> _DATASET RECORDS_:
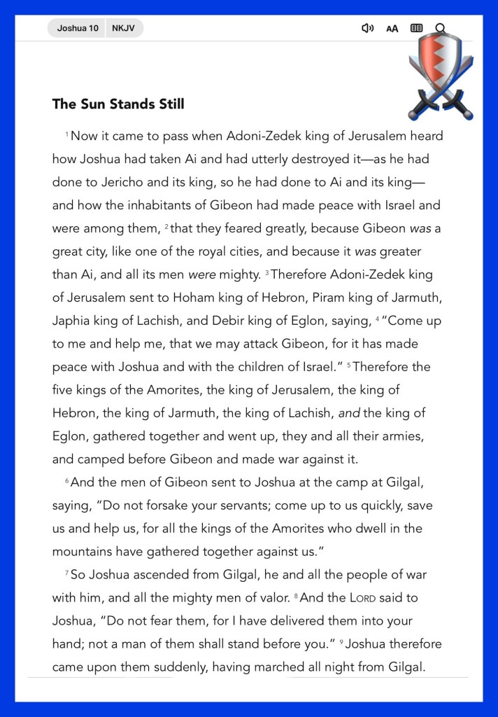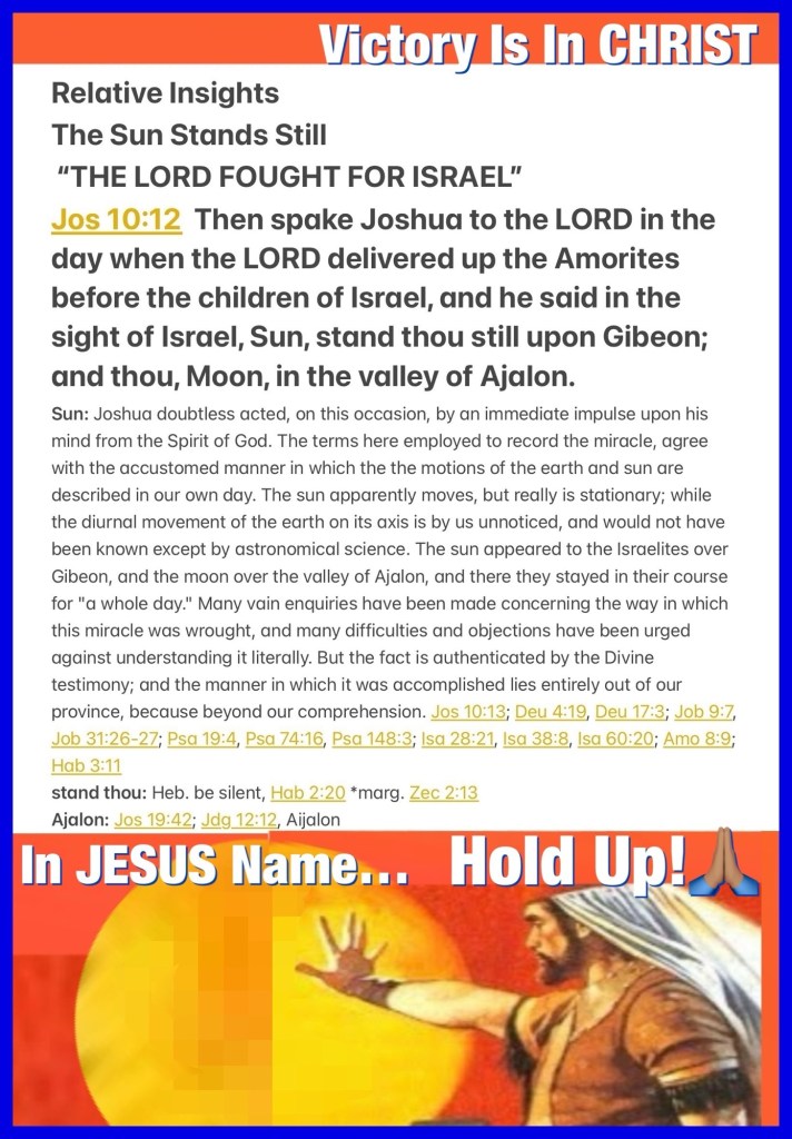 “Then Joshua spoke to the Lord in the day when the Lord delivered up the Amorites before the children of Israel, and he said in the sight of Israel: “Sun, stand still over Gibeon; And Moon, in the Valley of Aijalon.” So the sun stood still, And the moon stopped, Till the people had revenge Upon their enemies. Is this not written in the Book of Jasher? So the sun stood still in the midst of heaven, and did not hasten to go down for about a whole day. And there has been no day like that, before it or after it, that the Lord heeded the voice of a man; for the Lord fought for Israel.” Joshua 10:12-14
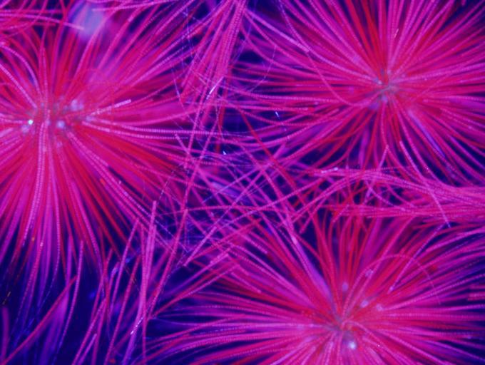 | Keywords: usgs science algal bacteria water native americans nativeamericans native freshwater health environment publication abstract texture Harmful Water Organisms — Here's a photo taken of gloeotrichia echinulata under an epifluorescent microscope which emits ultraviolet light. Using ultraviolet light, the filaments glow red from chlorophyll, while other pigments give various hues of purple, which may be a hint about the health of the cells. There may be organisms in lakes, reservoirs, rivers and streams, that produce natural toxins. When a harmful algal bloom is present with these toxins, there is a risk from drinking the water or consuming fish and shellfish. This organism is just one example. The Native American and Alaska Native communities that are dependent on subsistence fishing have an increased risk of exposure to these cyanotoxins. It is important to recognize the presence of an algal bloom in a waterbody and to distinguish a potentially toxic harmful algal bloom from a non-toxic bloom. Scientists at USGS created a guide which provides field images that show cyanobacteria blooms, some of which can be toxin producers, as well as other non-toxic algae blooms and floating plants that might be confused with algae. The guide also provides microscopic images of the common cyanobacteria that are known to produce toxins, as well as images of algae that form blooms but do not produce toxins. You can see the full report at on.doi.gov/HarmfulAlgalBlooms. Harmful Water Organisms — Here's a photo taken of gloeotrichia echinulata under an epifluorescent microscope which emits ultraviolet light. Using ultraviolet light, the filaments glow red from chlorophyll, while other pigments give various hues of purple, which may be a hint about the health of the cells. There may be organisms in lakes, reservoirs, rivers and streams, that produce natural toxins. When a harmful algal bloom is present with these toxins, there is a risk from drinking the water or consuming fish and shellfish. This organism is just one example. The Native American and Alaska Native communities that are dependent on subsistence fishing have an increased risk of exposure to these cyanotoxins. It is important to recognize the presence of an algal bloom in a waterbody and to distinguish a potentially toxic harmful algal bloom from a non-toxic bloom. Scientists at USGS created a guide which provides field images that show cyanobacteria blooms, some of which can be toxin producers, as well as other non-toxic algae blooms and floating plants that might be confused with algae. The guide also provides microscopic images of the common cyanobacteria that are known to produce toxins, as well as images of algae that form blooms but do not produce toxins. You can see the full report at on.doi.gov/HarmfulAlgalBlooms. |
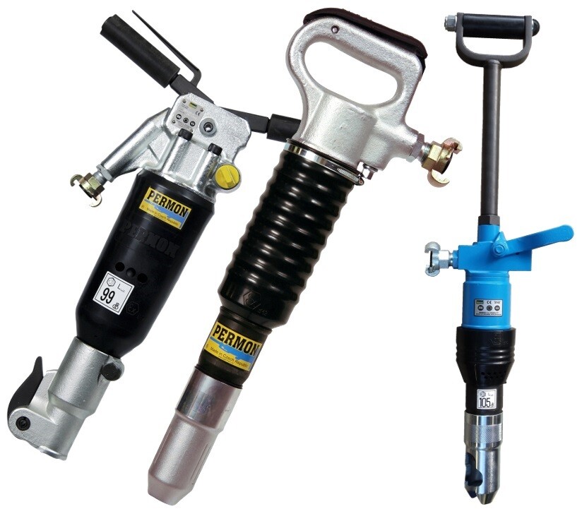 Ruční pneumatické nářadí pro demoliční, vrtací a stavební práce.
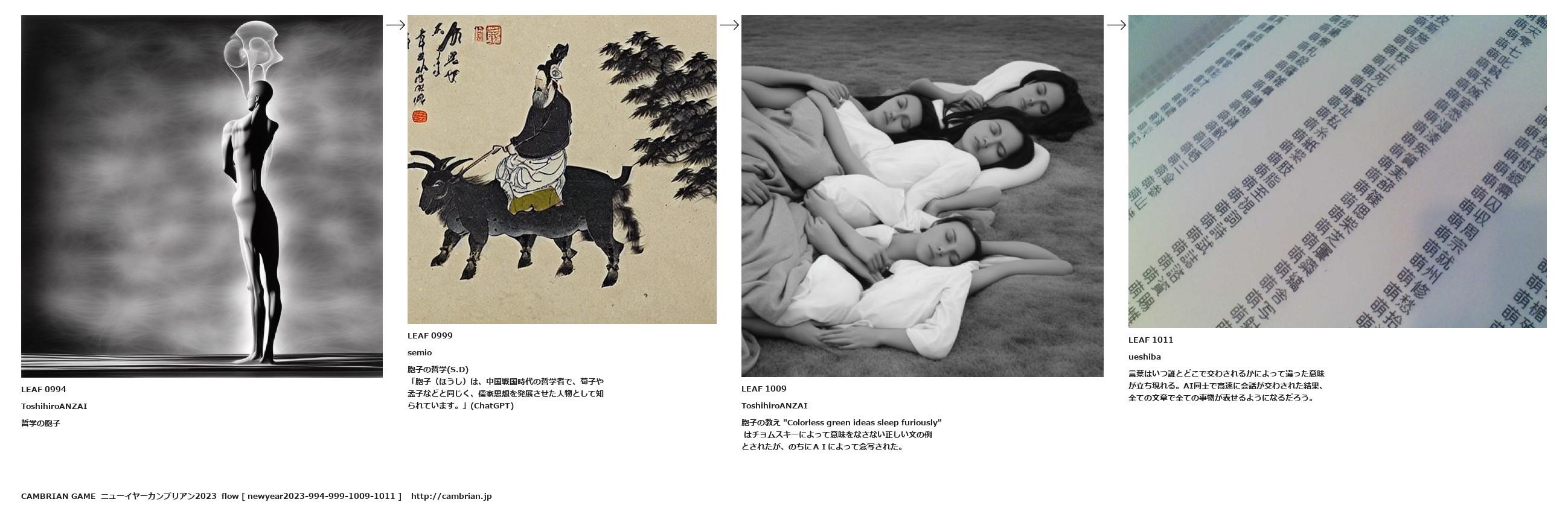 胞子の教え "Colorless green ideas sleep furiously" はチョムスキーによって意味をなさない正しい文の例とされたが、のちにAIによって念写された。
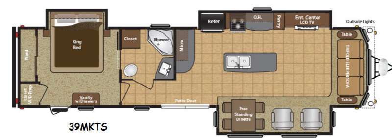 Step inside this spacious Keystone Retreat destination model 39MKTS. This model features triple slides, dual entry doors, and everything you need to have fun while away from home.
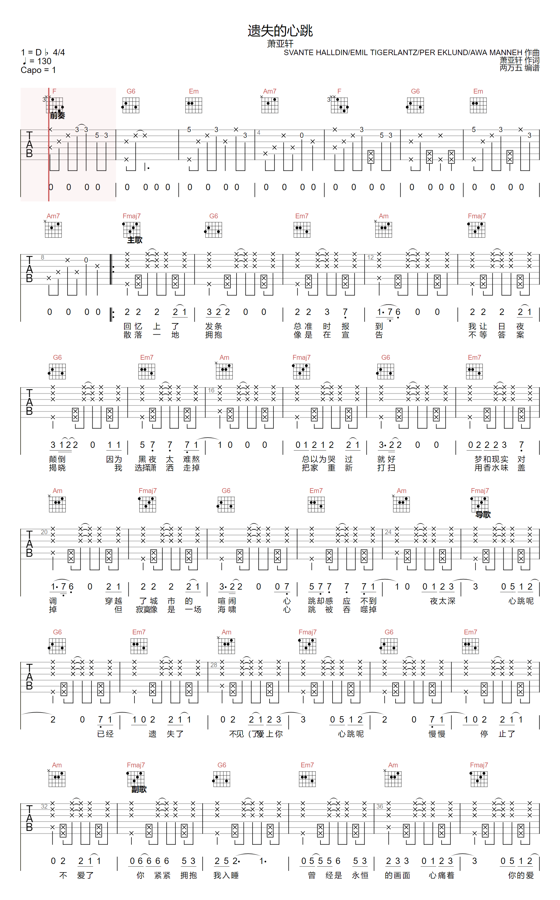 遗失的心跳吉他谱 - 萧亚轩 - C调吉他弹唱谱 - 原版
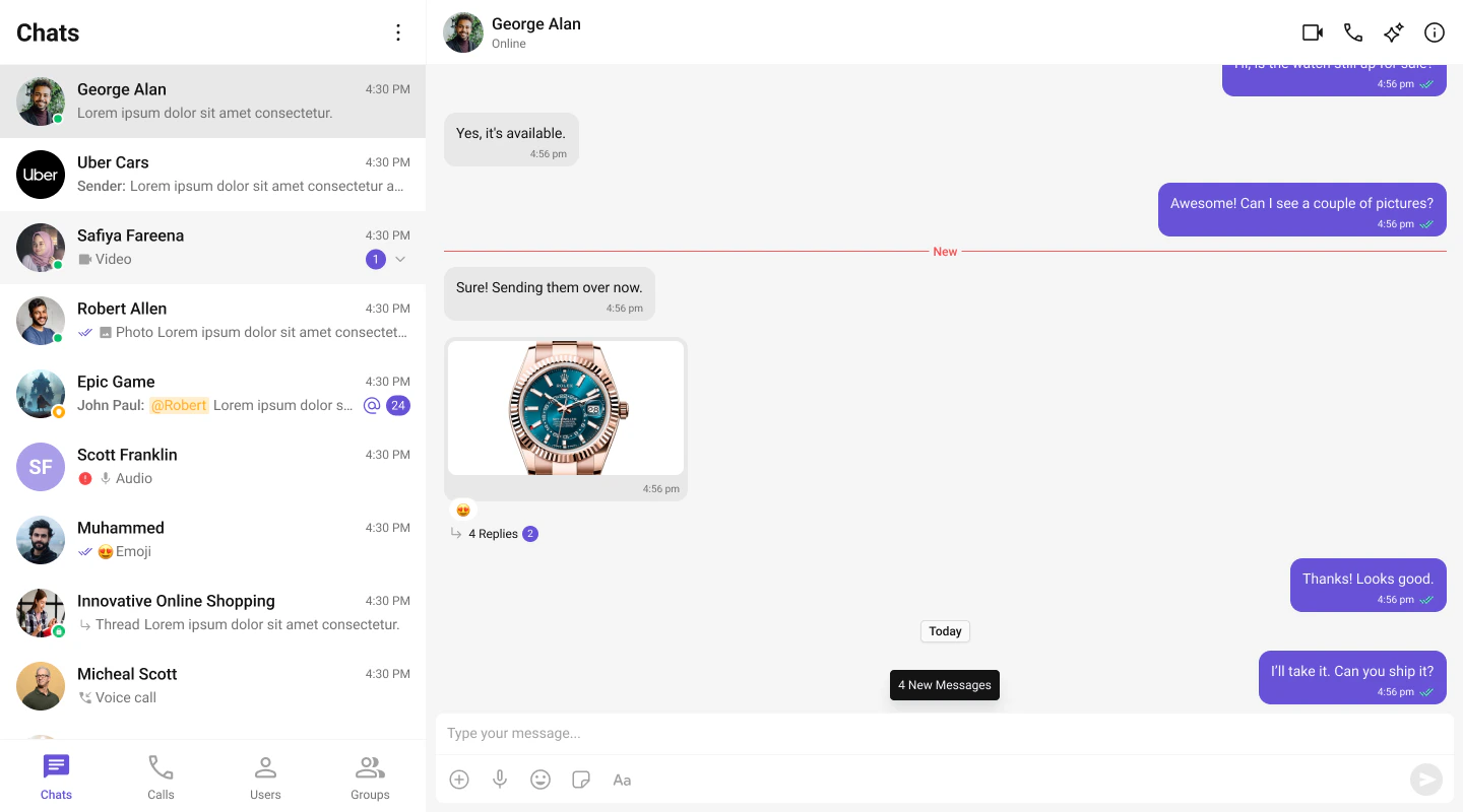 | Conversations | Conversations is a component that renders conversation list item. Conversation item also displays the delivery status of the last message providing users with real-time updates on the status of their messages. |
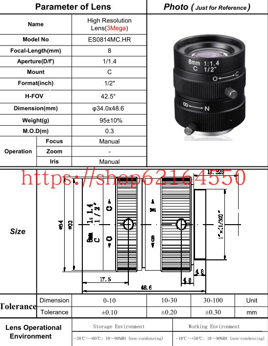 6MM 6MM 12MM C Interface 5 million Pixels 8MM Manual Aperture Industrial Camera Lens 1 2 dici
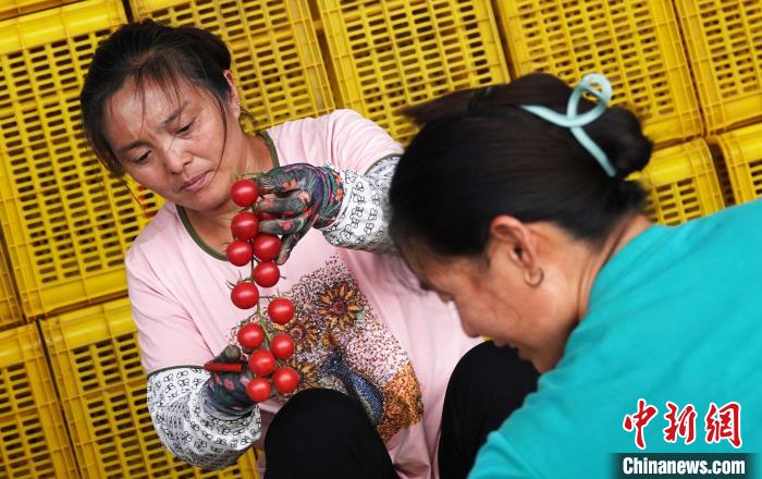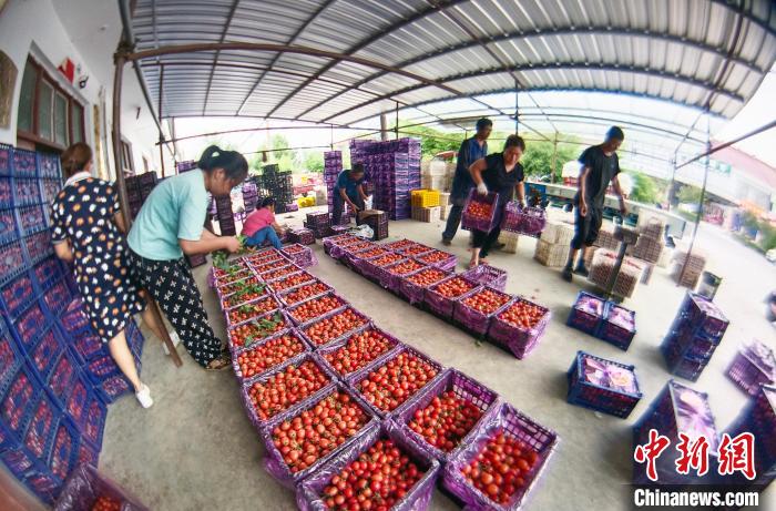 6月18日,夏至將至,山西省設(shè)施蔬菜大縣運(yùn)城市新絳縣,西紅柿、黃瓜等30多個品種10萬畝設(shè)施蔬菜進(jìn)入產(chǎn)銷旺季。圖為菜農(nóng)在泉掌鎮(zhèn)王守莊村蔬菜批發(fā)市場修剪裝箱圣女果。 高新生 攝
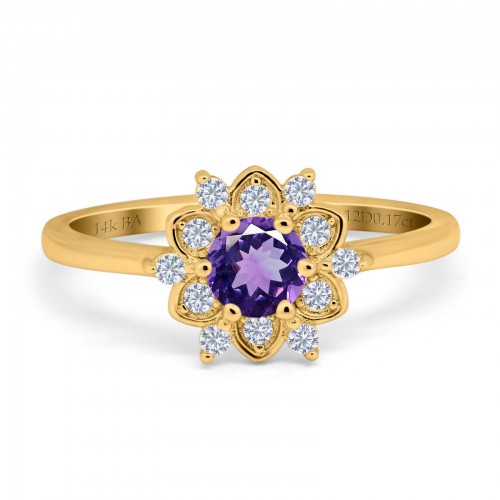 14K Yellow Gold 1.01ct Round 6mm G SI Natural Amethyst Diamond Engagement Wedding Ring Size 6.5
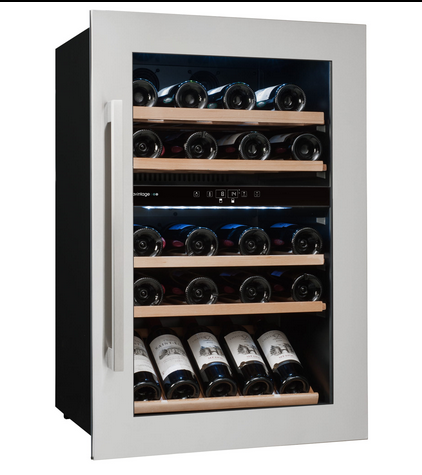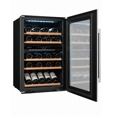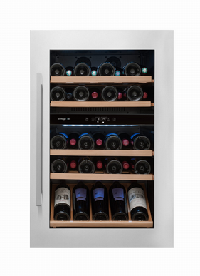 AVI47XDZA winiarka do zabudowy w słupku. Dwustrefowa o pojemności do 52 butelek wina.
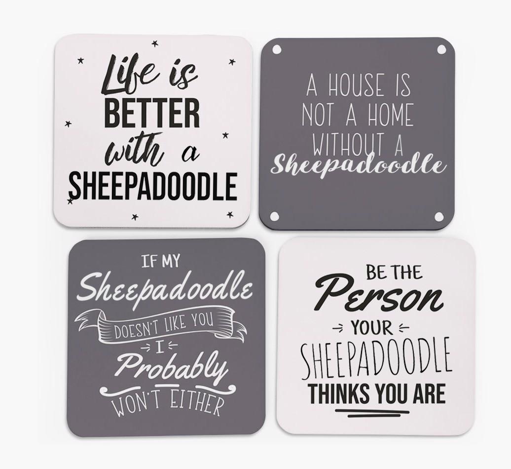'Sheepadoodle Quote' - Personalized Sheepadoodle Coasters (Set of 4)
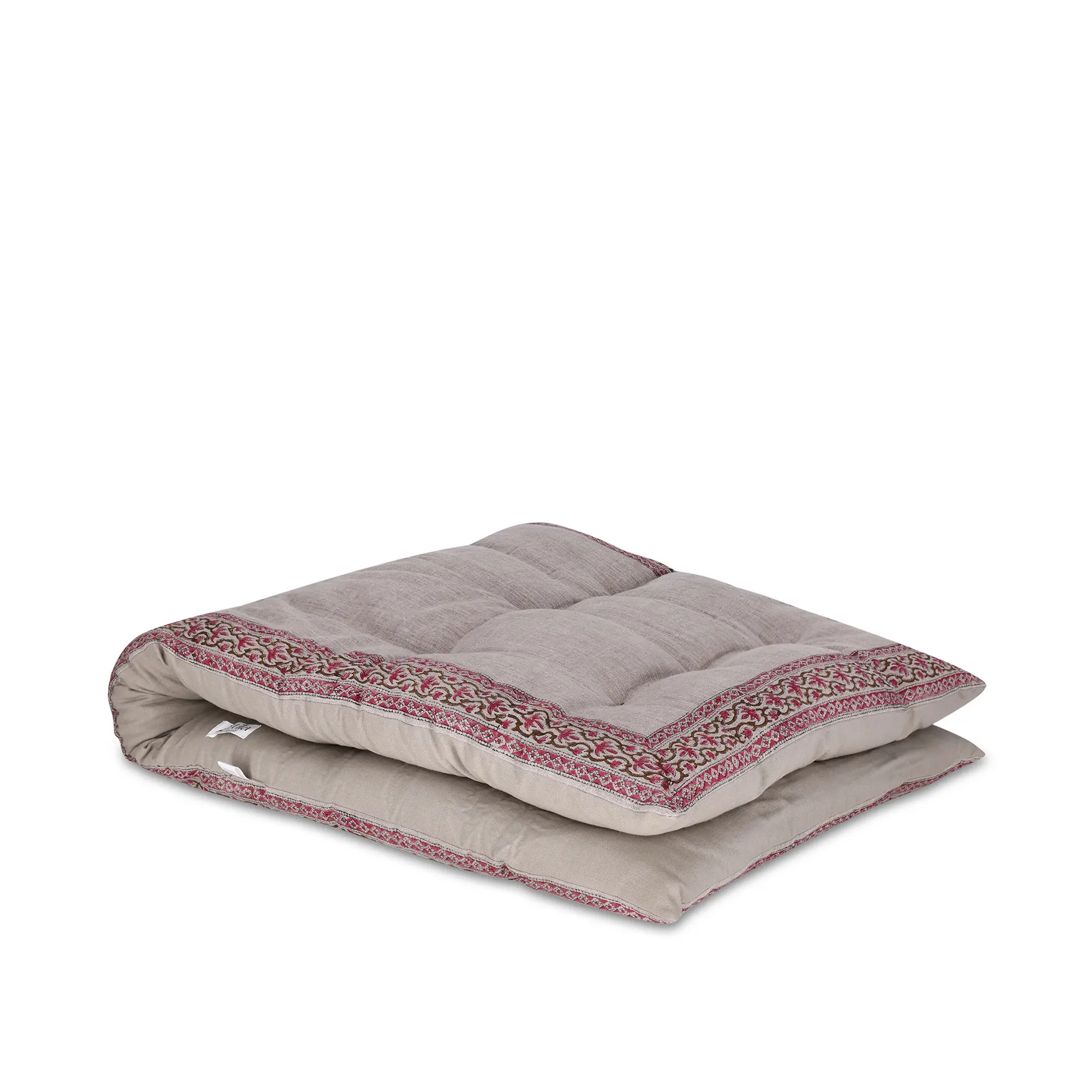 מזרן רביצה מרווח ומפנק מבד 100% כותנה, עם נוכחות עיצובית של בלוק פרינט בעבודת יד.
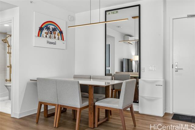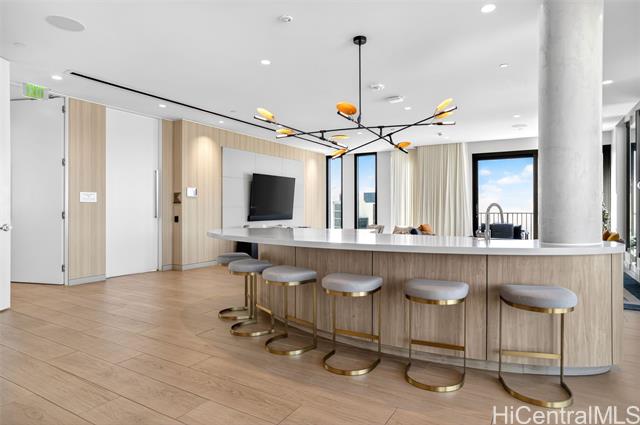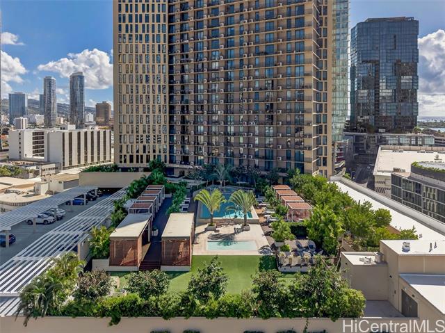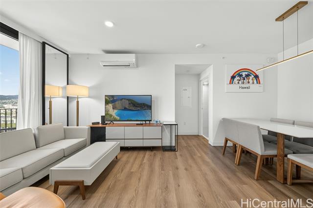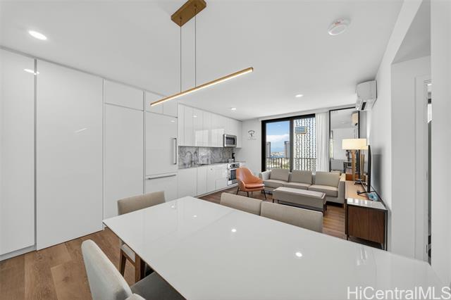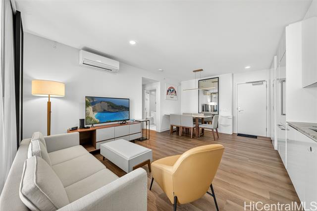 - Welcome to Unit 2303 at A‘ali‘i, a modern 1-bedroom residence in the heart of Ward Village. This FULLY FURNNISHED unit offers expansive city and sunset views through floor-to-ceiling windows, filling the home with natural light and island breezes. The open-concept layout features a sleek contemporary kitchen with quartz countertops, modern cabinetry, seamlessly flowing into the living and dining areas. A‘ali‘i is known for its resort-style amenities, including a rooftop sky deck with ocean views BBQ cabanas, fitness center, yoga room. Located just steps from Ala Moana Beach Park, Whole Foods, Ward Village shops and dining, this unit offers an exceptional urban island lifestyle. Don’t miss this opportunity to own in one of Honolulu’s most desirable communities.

> _TASK ITEM_: The answer must consist of the line containing "Coasters (Set of 4)" and every line after it through the end of the records, retyped exactly, with all pictures left out.

> _YOUR SOLUTION_:
'Sheepadoodle Quote' - Personalized Sheepadoodle Coasters (Set of 4)
 מזרן רביצה מרווח ומפנק מבד 100% כותנה, עם נוכחות עיצובית של בלוק פרינט בעבודת יד.
 - Welcome to Unit 2303 at A‘ali‘i, a modern 1-bedroom residence in the heart of Ward Village. This FULLY FURNNISHED unit offers expansive city and sunset views through floor-to-ceiling windows, filling the home with natural light and island breezes. The open-concept layout features a sleek contemporary kitchen with quartz countertops, modern cabinetry, seamlessly flowing into the living and dining areas. A‘ali‘i is known for its resort-style amenities, including a rooftop sky deck with ocean views BBQ cabanas, fitness center, yoga room. Located just steps from Ala Moana Beach Park, Whole Foods, Ward Village shops and dining, this unit offers an exceptional urban island lifestyle. Don’t miss this opportunity to own in one of Honolulu’s most desirable communities.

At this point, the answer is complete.